KENNEBUNK — From catastrophic flooding in Vermont to the record-setting heat wave in Phoenix, extreme weather events this past summer were a bleak reminder of the need for American cities and towns to become more resilient in the face of climate change.
Thanks to a task force created last year, Kennebunk is taking steps in that direction. The town is set to join the ranks of a growing number of American municipalities with a Climate Action Plan — a roadmap for reducing greenhouse gas emissions and increasing the town’s resiliency in the fact of the climate emergency.
Alison Malmqvist, Joshua Tabor and Yvette Webster, three members of Kennebunk’s Climate Action Plan Task Force, gave a presentation at the Sept. 26 select board meeting, updating the community on the body’s progress over the last year.
The task force was born out of a community workshop held in spring 2022 to discuss Kennebunk’s climate goals and actions. Attendees of the workshop identified the need for a Climate Action Plan, prompting the town to join a program sponsored by Gov. Janet Mills’ Office of Police and Innovation for the Future and then secure a Community Action Grant for the development of a Climate Action Plan. The task force also relies on advice and expertise from the Southern Maine Planning and Development Commission.
The task force has 12 members total, four of whom are members of the community — including Malmqvist, Tabor and Webster. It also includes the town’s director of community development, director of public services and elected members of town government.
Malmqvist, a Kennebunk resident who works in public global health, presented on the basics of the task force and Climate Action Plan. The task force looks at data, solicits community input, and surveys climate mitigation work happening in other places to inform the plan, which will provide recommendations and goals to make Kennebunk more climate change ready and reduce the town’s carbon footprint. The document will also provide a framework for implementing these goals and outline how the town can track their progress, Malmqvist said.
Malmqvist emphasized that the creation of the plan is not a top down process. “This is really about all of us within the community. There are lots of opportunities for others to engage. The more people who are a part of the process and are thinking through these big challenges, [that] will make the plan … that much richer and more meaningful for us a town,” she said.

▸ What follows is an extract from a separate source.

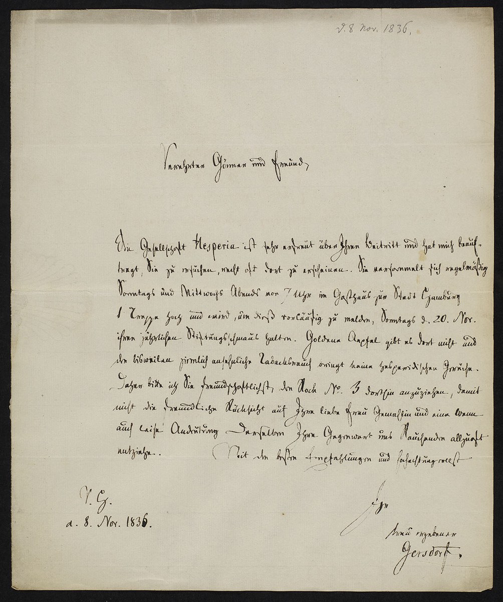 Ernst Gotthelf von Gersdorf an Heinrich Leberecht Fleischer (1836-11-08)

Tabor then spoke about the task force’s work over the past year. Tabor is originally from Windham and moved to Kennebunk in 2018 with his family after retiring from the military.

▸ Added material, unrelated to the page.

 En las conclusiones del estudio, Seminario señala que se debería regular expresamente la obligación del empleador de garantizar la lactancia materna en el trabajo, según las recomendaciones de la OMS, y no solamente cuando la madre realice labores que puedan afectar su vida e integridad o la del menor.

So far, the task force has been busy surveying the community and taking stock of Kennebunk’s current greenhouse gas emissions. Last summer the group sent out a climate action survey, asking residents which climate change threats concern them most and what sort of initiatives they are interested in learning more about. The survey garnered over 400 responses and found that nearly three-quarters of those respondents “were very or extremely concerned that climate change will affect Kennebunk over the coming decades.”
Some survey respondents volunteered to participate in two community sounding board sessions, during which the task force also collected feedback. Tabor relayed that community members emphasized the need to center climate change concerns beyond just sea level rise, protect the economy by protecting the environment, and embed climate considerations in every decision the town makes.
The group then reviewed the town’s current carbon emissions, including analysis that broke out Kennebunk’s municipal emissions from the town’s emissions as a whole. Some of the findings were expected — transportation constitutes 42 percent of the town’s total emissions, for example — but some were less expected. “I was surprised to find out that 20 percent of the town’s [municipal] emissions come from wastewater treatment,” Tabor said. The task force also reviewed a vulnerability assessment of the town, which maps out the ways in which Kennebunk is threatened by the effects of climate change.
The final speaker, Webster, who is originally from Australia but moved to Kennebunk in 2020, spoke about the next step in the process: Evaluating the over 80 strategies that have been suggested to the group by the Southern Maine Planning and Development Commission and International Council for Local Environmental Initiatives.
“These are [strategies] that have had a lot of expert thinking go into them across five areas: … buildings and energy, transport and infrastructure, land use and natural environment, health safety and well being, and leadership and capacity,” Webster said. The group is assessing each strategy across four criteria, which will help them determine which strategies are most impactful and worthwhile.
The group’s next steps also include doing a survey of local businesses and outreach sessions with vulnerable populations, such as the elderly, people with disabilities, and people who live below the poverty line. “Those are the people who will be impacted the most, so we want to make sure our strategies address their needs as much as possible,” Webster said.
The task force plans to to present a draft of the Climate Action Plan to the select board in three months, said Webster.